Items from a data source

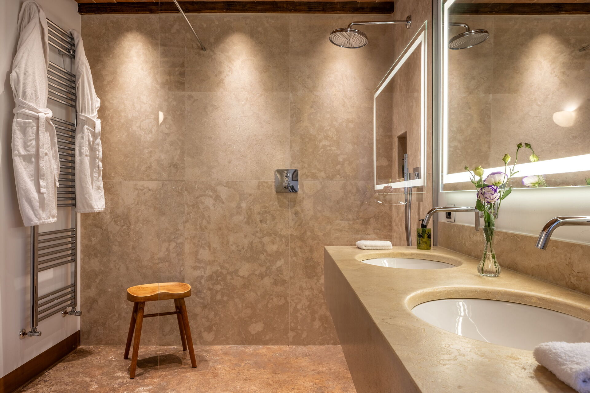 Er zijn twee bijgebouwen, elk met een tweepersoonsslaapkamer en een badkamer.
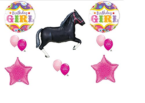 -. Title : 11pc BIRTHDAY GIRL new BALLOON set BLACK HORSE stars PINK gift DECORATION favors PARTY cow girl
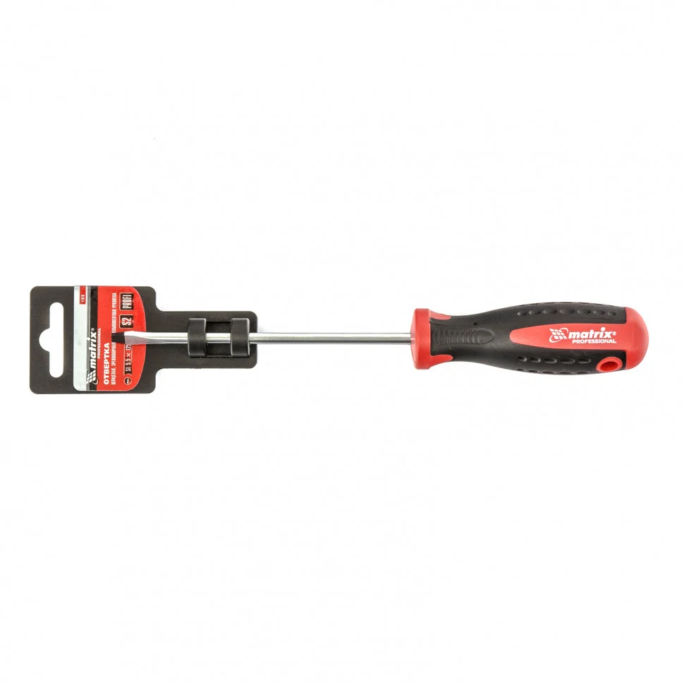 Отвертка Matrix «Profi» 11816, SL5,5 х 125 мм, из стали S2, с двухкомпонентной рукояткой, служит для монтажа и демонтажа крепежа со шлицем Slotted «минус». Профессиональная отвертка станет незаменимым помощником при осуществлении монтажных, строительных и ремонтных работ. Благодаря стержню длиной 125 мм можно закручивать и откручивать крепеж в углублениях.ПреимуществаТвердость и прочность обеспечивается высоким качеством материалов: стержень выполнен из стали CrV, а жало — из закаленной инструментальной стали S2.Рабочая часть фосфатирована, таким образом улучшается сцепление со шлицем крепежа.Намагниченное жало позволяет зафиксировать крепеж и освободить одну руку для удержания закрепляемой детали.Маркировка с рабочими параметрами на рукоятке отвертки обеспечивает удобство эксплуатации.Отвертка произведена на Тайване с высоким контролем качества, что гарантирует ее надежность и долговечность.Трехкомпонентная рукоятка со специальными насечками надежно лежит в руке.Рукоятка выполнена методом цельного литья, что позволяет добиться прочного сцепления с рабочей частью.
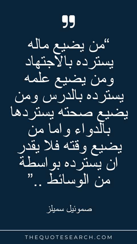 “من يضيع ماله يسترده بالاجتهاد ومن يضيع علمه يسترده بالدرس ومن يضيع صحته يستردها بالدواء واما من يضيع وقته فلا يقدر ان يسترده بواسطة من الوسائط ..”
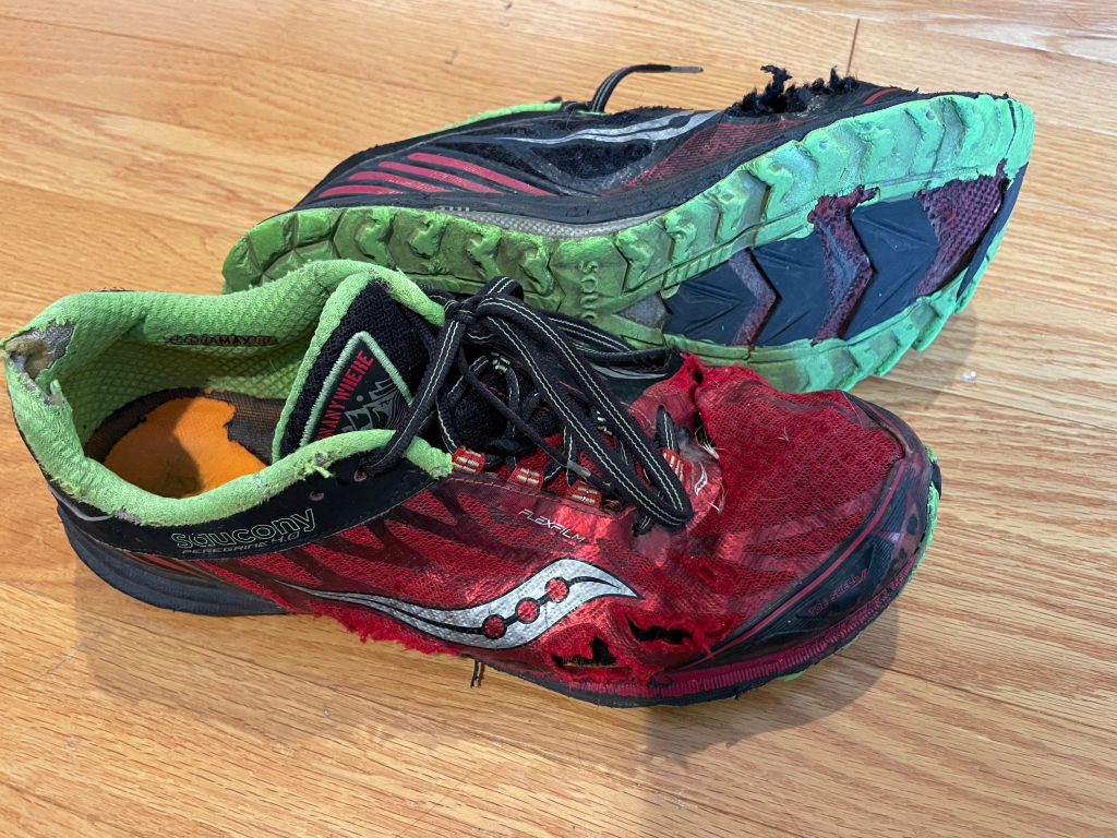 Shoes. I debated between the two pairs of runners I own. When I moved to Alberta at the beginning of 2021 I bought runners best suited for running on the road. Of course, I still have a pair of Saucony trail runners. I bought them the day before the 2015 Canadian Death Race and wore them for the first time at that race. They’ve seen 1000s of miles.
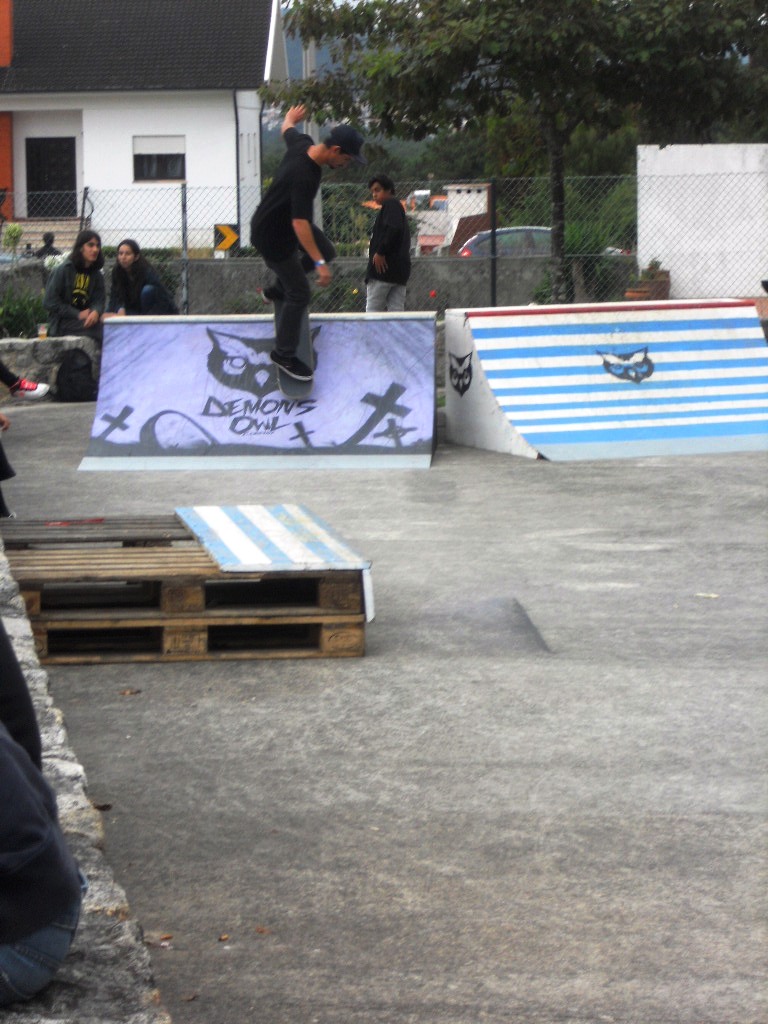 Aproveitámos este momento para espreitar a zona de skate proporcionada por Demon´s Owl Academy e assitímos a uns truques da crew de Bita San, vocalista dos Mr. Miyagi, que se animou com os colegas e permitiu um bom momento de brincadeiras nos obstáculos e rampas montadas, na entrada do palco principal, que já se preparava para o 2º round de concertos.

◆ **Try it**: The records above must be printed exactly, but the pictures they hold should be omitted.

◆ **Exercise result**:
 Er zijn twee bijgebouwen, elk met een tweepersoonsslaapkamer en een badkamer.
 -. Title : 11pc BIRTHDAY GIRL new BALLOON set BLACK HORSE stars PINK gift DECORATION favors PARTY cow girl
 Отвертка Matrix «Profi» 11816, SL5,5 х 125 мм, из стали S2, с двухкомпонентной рукояткой, служит для монтажа и демонтажа крепежа со шлицем Slotted «минус». Профессиональная отвертка станет незаменимым помощником при осуществлении монтажных, строительных и ремонтных работ. Благодаря стержню длиной 125 мм можно закручивать и откручивать крепеж в углублениях.ПреимуществаТвердость и прочность обеспечивается высоким качеством материалов: стержень выполнен из стали CrV, а жало — из закаленной инструментальной стали S2.Рабочая часть фосфатирована, таким образом улучшается сцепление со шлицем крепежа.Намагниченное жало позволяет зафиксировать крепеж и освободить одну руку для удержания закрепляемой детали.Маркировка с рабочими параметрами на рукоятке отвертки обеспечивает удобство эксплуатации.Отвертка произведена на Тайване с высоким контролем качества, что гарантирует ее надежность и долговечность.Трехкомпонентная рукоятка со специальными насечками надежно лежит в руке.Рукоятка выполнена методом цельного литья, что позволяет добиться прочного сцепления с рабочей частью.
 “من يضيع ماله يسترده بالاجتهاد ومن يضيع علمه يسترده بالدرس ومن يضيع صحته يستردها بالدواء واما من يضيع وقته فلا يقدر ان يسترده بواسطة من الوسائط ..”
 Shoes. I debated between the two pairs of runners I own. When I moved to Alberta at the beginning of 2021 I bought runners best suited for running on the road. Of course, I still have a pair of Saucony trail runners. I bought them the day before the 2015 Canadian Death Race and wore them for the first time at that race. They’ve seen 1000s of miles.
 Aproveitámos este momento para espreitar a zona de skate proporcionada por Demon´s Owl Academy e assitímos a uns truques da crew de Bita San, vocalista dos Mr. Miyagi, que se animou com os colegas e permitiu um bom momento de brincadeiras nos obstáculos e rampas montadas, na entrada do palco principal, que já se preparava para o 2º round de concertos.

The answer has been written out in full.